Si la demande de régulation après la crise de 2008/2009 a été légitime pour restaurer la confiance dans le système bancaire, elle a conduit les banques à renforcer leurs équipes dédiées, investir dans leur outil informatique, et encourager la transformation en profondeur des départements Risques et Finance. Mais l’homogénéité visée par l’instauration du MSU reste difficile à atteindre en raison notamment :

  • des exceptions nationales (140) qui rendent délicate aux superviseurs, investisseurs, actionnaires, … , la comparaison entre banques
  • l’hétérogénéité des modèles de supervision et des reportings dans le monde, qui rend difficile pour les banques internationales la conformité à toutes les exigences
  • l’hétérogénéité des règles comptables sous-jacentes qui complique l’objectif de convergence des superviseurs.

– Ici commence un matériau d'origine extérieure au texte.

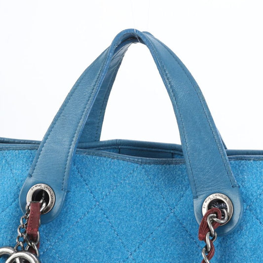 Chanel Coco Mark Chain Tote Bag Light Blue Caviar Skin Women's Chanel

En toute hypothèse, le nouveau modèle de supervision de la Zone Euro apparaît tendanciellement de plus en plus intrusif.

 

L’année 2014 avait vu l’introduction de deux évolutions majeures supposées aller dans le sens d’une simplification de l’organisation de la supervision : l’implémentation des nouvelles règles prudentielles et de nouvelles exigences de reporting (au travers notamment d’aménagements aux reportings FINREP et COREP), et l’implantation d’un mécanisme de supervision unique dans l’Eurozone autour de la BCE. Le constat apparaît en fait  plutôt contrasté car :

  • la montée en puissance de la BCE a alourdi considérablement le fardeau sur les banques 
  • les reportings issus de la CRD IV n’ont en réalité constitué qu’une petite part des changements réglementaires en cours
  • à peine mis en place, les nouvelles règles sont revues (Bâle IV, IFRS 9)
  • au-delà de COREP et FINREP, de nouveaux reportings ont été demandés de façon récurrente sur une base quadrimestrielle par l’ECB ou le Comité de Bâle, avec en outre un enrichissement de ces demandes d’information.

 

De nombreux aspects de la mise en œuvre de la supervision réglementaire apparaissent critiquables sur le plan de :

  • la coordination : des demandes des superviseurs grandissantes, mais mal coordonnées et conduisant à des requêtes différentes de plusieurs autorités sur les mêmes données
  • la cohérence : des méthodologies parfois divergentes suivant le superviseur
  • le foisonnement : une inflation de sujets traités qui rend leur traitement difficile tant pour les banques que pour les autorités de contrôle
  • la stabilité : une instabilité de certaines normes, et leur interprétation divergente entre l’EBA et le Comité de Bâle par exemple
  • le lien avec la comptabilité : des demandes du régulateur parfois en contradiction avec les procédures comptables en place.

 

La pression sur les banques est importante pour qu’elles se transforment à grande vitesse afin de se conformer aux demandes des superviseurs : elles doivent à la fois transformer leurs systèmes d’information, adapter les reportings en fonction du pays de localisation des filiales, faire évoluer en permanence leur organisation de suivi des risques, transmettre des données de plus en plus précises et en volume exponentiel, être capables d’agréger des données d’où qu’elles viennent et d’en garantir la qualité, et se conformer à des délais de production de plus en plus courts (30 jours pour COREP aujourd’hui).

 

Partant de ces constats, plusieurs pistes d’amélioration peuvent être envisagées :

  • concernant le régulateur : donner une meilleure visibilité aux banques (feuille de route réglementaire à 3-5 ans), tenir compte des contraintes des banques en améliorant les deadlines de remise des reportings et stabiliser les normes et ratios, et éviter d’empiler les demandes de reportings sur le même sujet
  • concernant les banques : apporter à la Direction une vue globale des impacts des sujets réglementaires, coordonner les équipes Risques et Finance sur la production de reporting pour une meilleure efficacité et un coût optimisé, renforcer la gouvernance de la qualité de la donnée à tous les niveaux ainsi que celle des indicateurs, standardiser les reportings et les définitions pour toutes les entités du groupe, et enfin améliorer l’agilité des systèmes d’information dédiés à la régulation pour produire des données au niveau le plus fin et au moment requis.